Production on the Fort Berthold reservation, in the heart of western North Dakota's oil country, has been responsible for $346 million in tax revenues over four years, the state Tax Department says. The tribe has collected $129 million, or 37 percent, of that sum.

North Dakota and the tribe have an agreement that details how the money is split. Last year, the tribe requested what its members thought was a more equitable share, but the Legislature rejected the proposal.

On Monday, a legislative committee that oversees state and tribal relations unanimously approved a resolution supporting the tribe's effort to get a larger share of oil revenues. However, the panel turned down a separate proposal to give the tribe 80 percent of the tax collections from tribal land.

"We need more resources to combat and battle the negative impacts of the boom," Mark Fox, the tribe's tax director, told The Associated Press. "We have a lot to deal with up there. Roads, and crime, and housing."

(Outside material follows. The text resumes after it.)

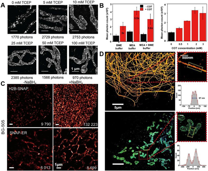 In 2013, Vaughan et al. [96] validated that the fluorescence of Cy5 and its structural analogs could be reversibly quenched by tris(2-carboxyethyl)phosphine (TCEP), a commonly used reducing agent for disulfide bonds in proteins and small molecules. Using Cy5 as an example, they observed that TCEP reacts with the polymethine bridge of Cy5 through a 1,4-addition process, forming a covalent adduct that quenches its fluorescence. Upon UV illumination, the adduct dissociates, restoring Cy5 to its fluorescent state. The authors successfully obtained super-resolution images of mitochondria immunostained with AF647 using TCEP in the imaging buffer (Fig. 6A). Thereafter, TCEP-induced photo-reversible quenching has become pivotal for acquiring top-grade super-resolution images and facilitating easy-to-implement cellular internalization assays [97]. The same year, Olivier et al. [98] suggested the use of the polyunsaturated hydrocarbon cyclooctatetraene (COT), a triplet state quencher, to optimize the imaging performance in STORM. By imaging microtubules immunostained with AF647 in the presence of varying concentrations of COT in the imaging buffer, the authors discovered that COT can not only prevent oxygen-mediated photobleaching but also enhance the mean photon efficiency of AF647 by up to 3.5-fold in a dose-dependent manner (Fig. 6B), leading to improved localization precision. This enhancement was observed to be consistent across different types of thiols used to induce blinking, such as MEA, BME, or their mixtures. In 2014, Carlini et al. [99] utilized sodium borohydride (NaBH4) to quench cell-permeable rhodamine dyes. NaBH4 is a mild, inexpensive reducing agent widely used in chemistry, both in labs and industry [100,101]. The experimental results illustrated that the fluorescence of the dyes was quenched after reduction by NaBH4 and subsequently recovered upon oxidation. Notably, when these fluorophores were targeted to proteins within live cells, the fluorescence recovery occurred spontaneously, without the need for exogenous chemicals or light stimulation. This process generates a greater number of photons (Fig. 6C), markedly refining the localization precision.

The 80 percent proposal likely will be introduced in the Legislature next session, said committee chairman Sen. David O'Connell, D-Lansford.

"I think they're getting shortchanged," O'Connell said. "Their roads are going to heck like ours are, and human services, the rising costs ... It's not all doom and gloom out there, but I think they need help."

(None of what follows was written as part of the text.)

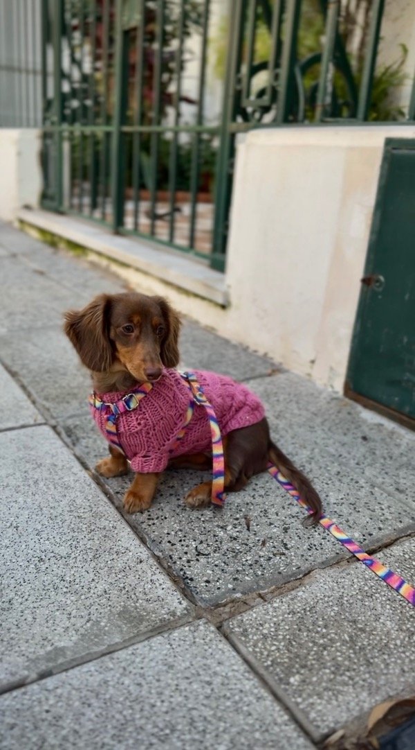 Rodeá con el centímetro la parte más ancha del pecho, justo detrás de las patas delanteras. Asegurate de que quede cómodo, ni muy flojo ni apretado.
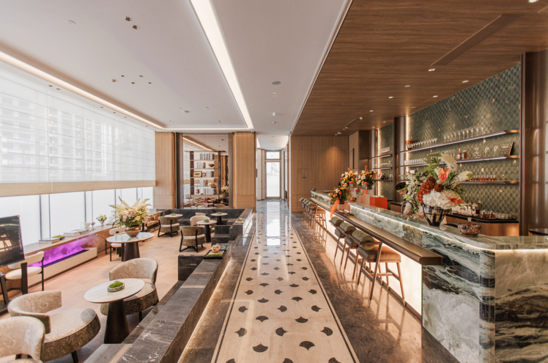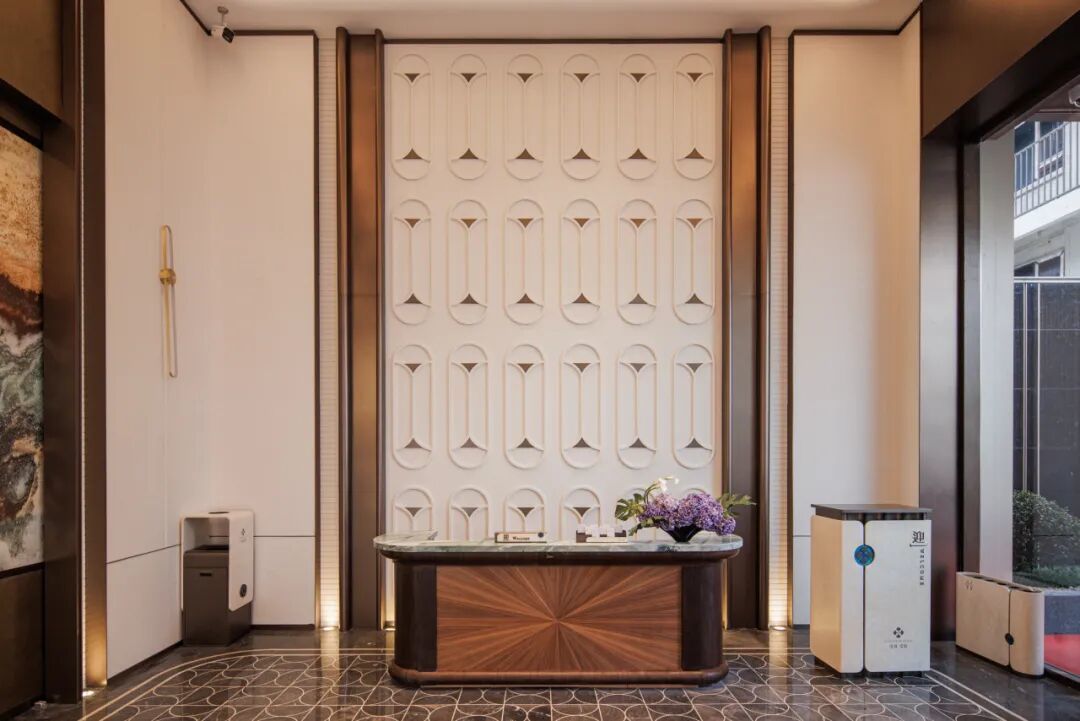 约48*8m奢阔门仪,是绿城·璟悦予城市的第一眼惊艳。艺术铺装与时尚格栅交织韵律,星耀灰大理石与百达翡绿巧妙搭配,温润中藏灵动,尽显高阶质感与格调。

The July 2008 tax and regulatory pact spurred a burst of oil drilling on the reservation. There are now 706 producing wells on the reservation, compared to 112 in 2008, according to the state Department of Mineral Resources.

North Dakota has two separate oil taxes, a 5 percent production tax and a 6.5 percent extraction tax. Both are applied to the oil's value. Currently, the state and tribal tax split from an oil well depends on whether it is drilled on "fee land" or "trust land."

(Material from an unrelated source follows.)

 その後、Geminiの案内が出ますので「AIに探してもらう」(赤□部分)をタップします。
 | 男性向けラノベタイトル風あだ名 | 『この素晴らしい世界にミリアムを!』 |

Fee land is a term for privately owned land within the reservation's boundaries. The tribe gets 20 percent of production tax revenues from fee land, while the state gets the remainder.

Trust land is property that is held in trust by the federal government to benefit the tribe and individual members, and the oil revenues are divided evenly.

Fox said the tribe supports legislation that would give it 80 percent of the tax revenues from tribal land. The tribe wants the 20 percent share from fee land to be applied to both the production and extraction taxes.

Lynn Helms, director of Department of Mineral Resources, said Monday he expects most of the future drilling on the Fort Berthold reservation to be on tribal land _ lending greater import to the tax revenue debate.

Rep. Jim Kasper, R-Fargo, said the future production forecasts influenced the committee's refusal to endorse an 80 percent tribal share of oil revenue from tribal lands. A great deal of money is at stake, he said.

"We should change the formula, but it was difficult for me, anyway, to say, well, 80-20 is the right formula. That is a negotiation process that the Legislature needs to get involved in," he said. "The governor needs to be involved in that process, as well as the members of the tribe."